BEGIN DATA FOR REVIEW
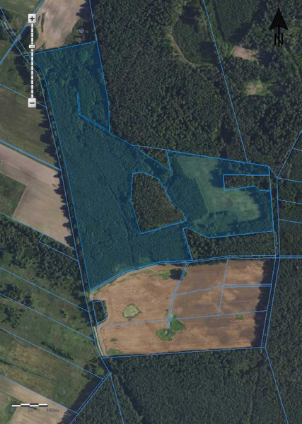 Działka o całkowitej powierzchni 18 ha przy drodze, z dwudziestoletnim lasem o pow 13.9 ha przylegającym do lasów państwowych. Las sadzony wg planu nadleśnictwa. Pozostały obszar to 2 ha łąki i ziemia rolna, idealne na siedlisko w okolicach rzek, jezior i Drawieńskiego Parku Narodowego
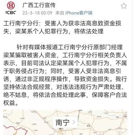 3月18日,工行南宁分行在微博公开回应表示,此案受害人为获非法高息致资金损失,梁某系个人犯罪行为,将依法处理。
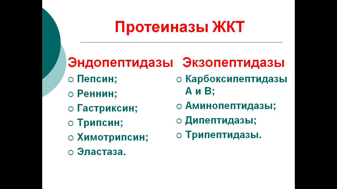 Переваривание происходит под действием протеаз - пептидгидролаз. Протеазы, гидролизирующие пептидные связи внутри молекулы - эндопептидазы, концевые аминокислоты - экзопептидазы.
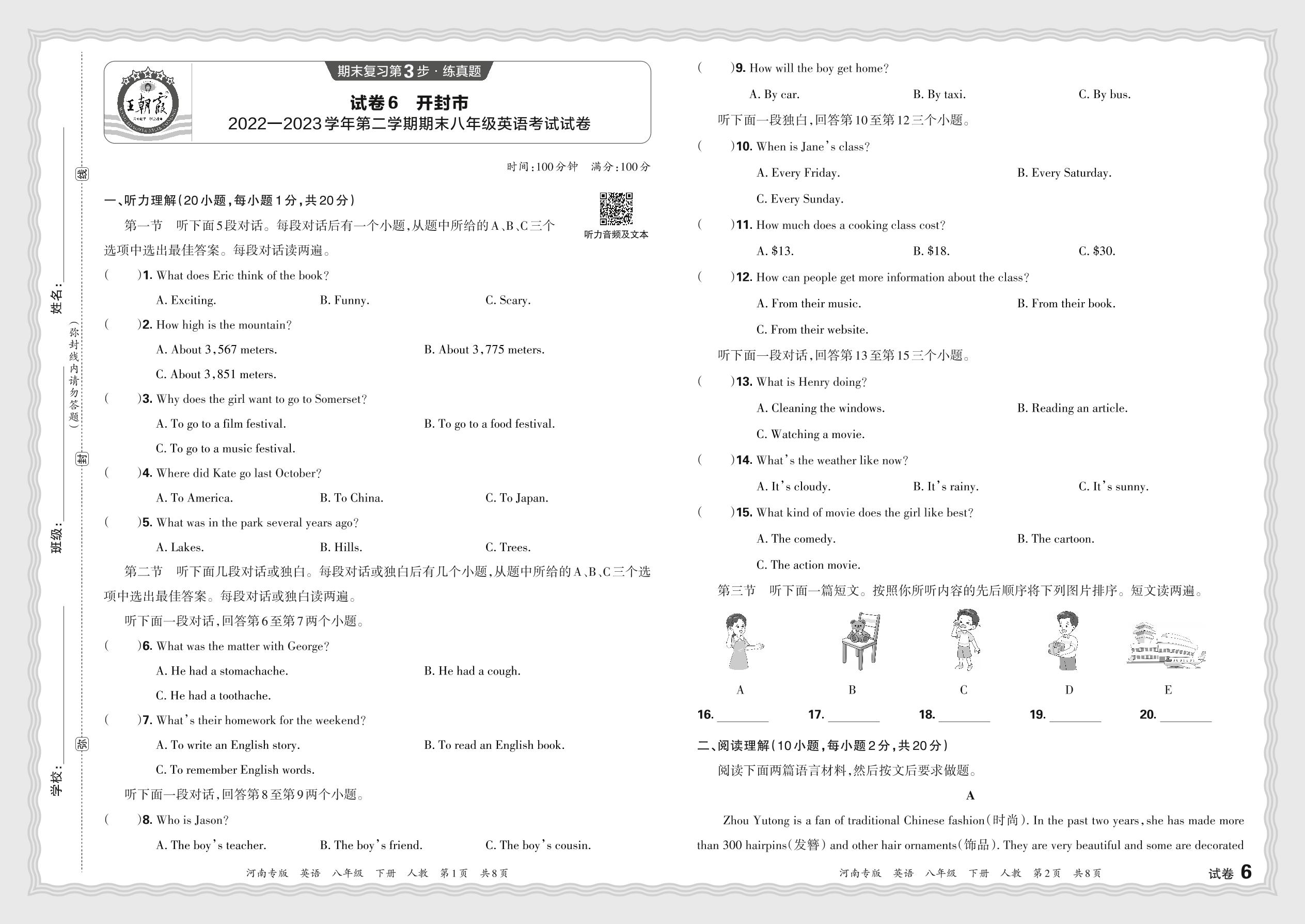 河南省开封市2022-2023学年第二学期期末八年级英语考试试卷(人教版)【6】
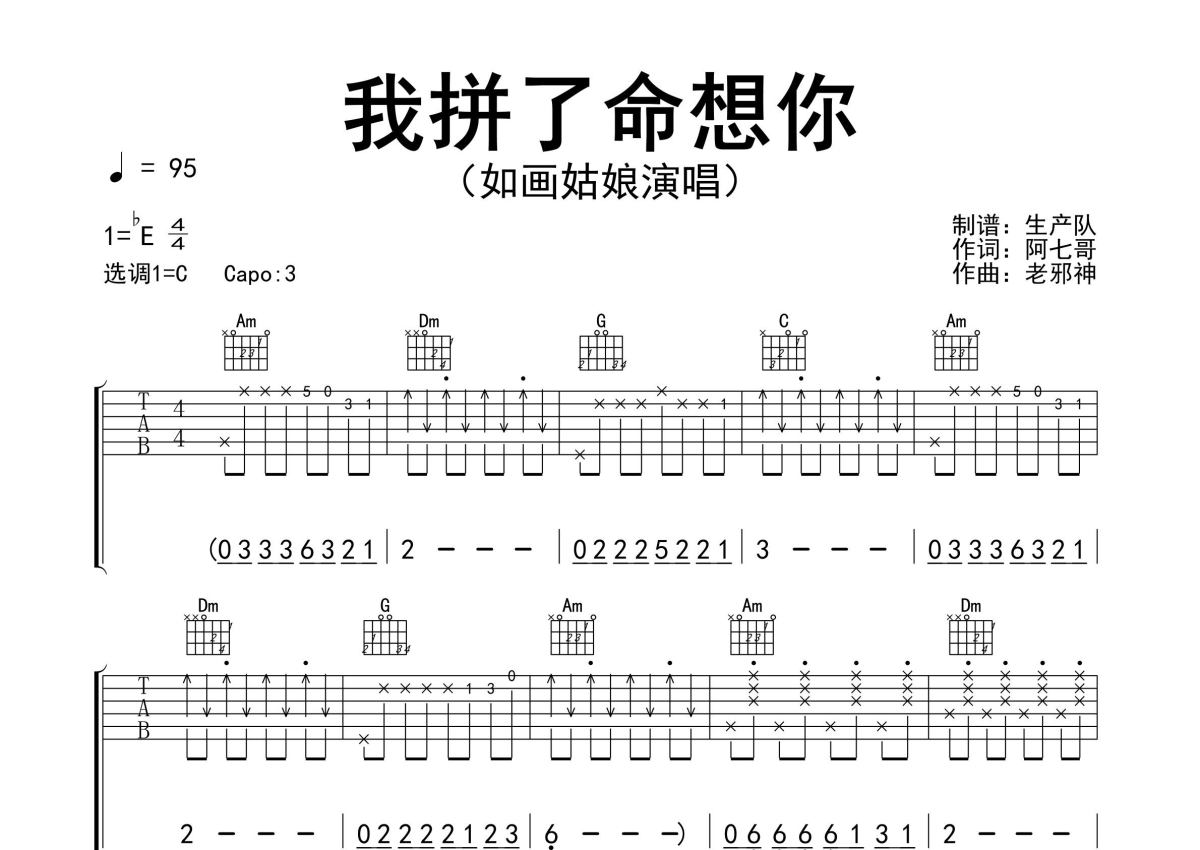 《我拼了命想你》是如画姑娘演唱的一首歌曲,精编完美版,拍号为4/4拍,歌曲速度为每分钟95拍,歌曲原调为Eb调,但由于原调指法比较难,为了方便弹奏,本吉他谱采用的是C调指法编配,变调夹3品弹奏即为原调,当然也可以根据自己的音域改变变调夹位置,或者通过改变和弦调性,以方便自己弹奏,这份吉他谱共有两张高清图谱,图谱由 @生产队 编配上传,图谱使用六线谱编配,包含吉他和弦指法、简谱以及歌词部分,使用这份我拼了命想你吉他谱,可以让你更加方便地掌握这首歌曲的弹唱技巧,快来尝试吧。如画姑娘演唱的歌曲《我拼了命想你》原版吉他谱,完整的前奏、间奏、尾奏solo编配,精编完美版,值得推荐!。
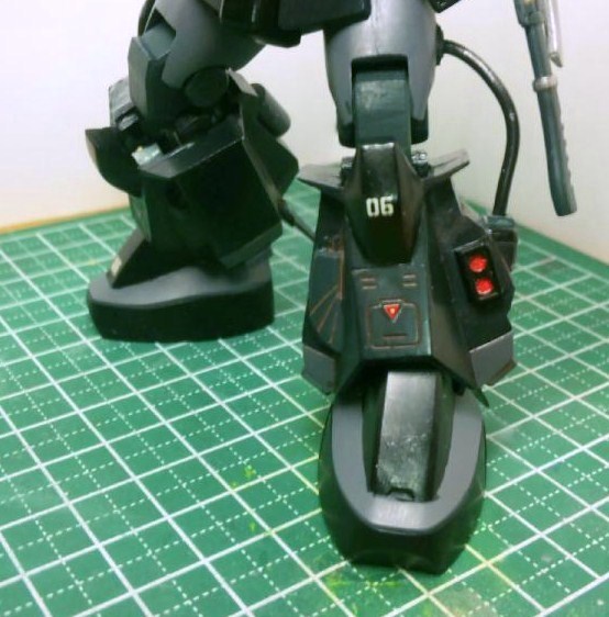 当初はザクをベースにするため、当初このパーツは膝部分までしか作ってなかった(ザクの脚関節が使えるため)のですが、旧ザクベースで作った方が手っ取り早いと感じ、急遽フレームを作り足した・・・という感じですね。
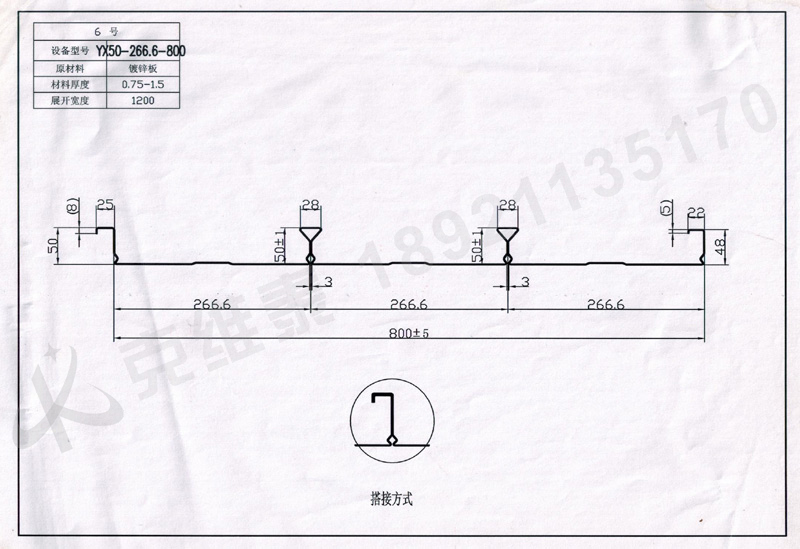 ![]() 产品名称:6闭口YX50-266.6-800
END DATA FOR REVIEW
EXERCISE REQUIREMENTS
An exact copy of the data above is required, printed without its pictures.

ANSWER TO THE PROBLEM
 Działka o całkowitej powierzchni 18 ha przy drodze, z dwudziestoletnim lasem o pow 13.9 ha przylegającym do lasów państwowych. Las sadzony wg planu nadleśnictwa. Pozostały obszar to 2 ha łąki i ziemia rolna, idealne na siedlisko w okolicach rzek, jezior i Drawieńskiego Parku Narodowego
 3月18日,工行南宁分行在微博公开回应表示,此案受害人为获非法高息致资金损失,梁某系个人犯罪行为,将依法处理。
 Переваривание происходит под действием протеаз - пептидгидролаз. Протеазы, гидролизирующие пептидные связи внутри молекулы - эндопептидазы, концевые аминокислоты - экзопептидазы.
 河南省开封市2022-2023学年第二学期期末八年级英语考试试卷(人教版)【6】
 《我拼了命想你》是如画姑娘演唱的一首歌曲,精编完美版,拍号为4/4拍,歌曲速度为每分钟95拍,歌曲原调为Eb调,但由于原调指法比较难,为了方便弹奏,本吉他谱采用的是C调指法编配,变调夹3品弹奏即为原调,当然也可以根据自己的音域改变变调夹位置,或者通过改变和弦调性,以方便自己弹奏,这份吉他谱共有两张高清图谱,图谱由 @生产队 编配上传,图谱使用六线谱编配,包含吉他和弦指法、简谱以及歌词部分,使用这份我拼了命想你吉他谱,可以让你更加方便地掌握这首歌曲的弹唱技巧,快来尝试吧。如画姑娘演唱的歌曲《我拼了命想你》原版吉他谱,完整的前奏、间奏、尾奏solo编配,精编完美版,值得推荐!。
 当初はザクをベースにするため、当初このパーツは膝部分までしか作ってなかった(ザクの脚関節が使えるため)のですが、旧ザクベースで作った方が手っ取り早いと感じ、急遽フレームを作り足した・・・という感じですね。
 ![]() 产品名称:6闭口YX50-266.6-800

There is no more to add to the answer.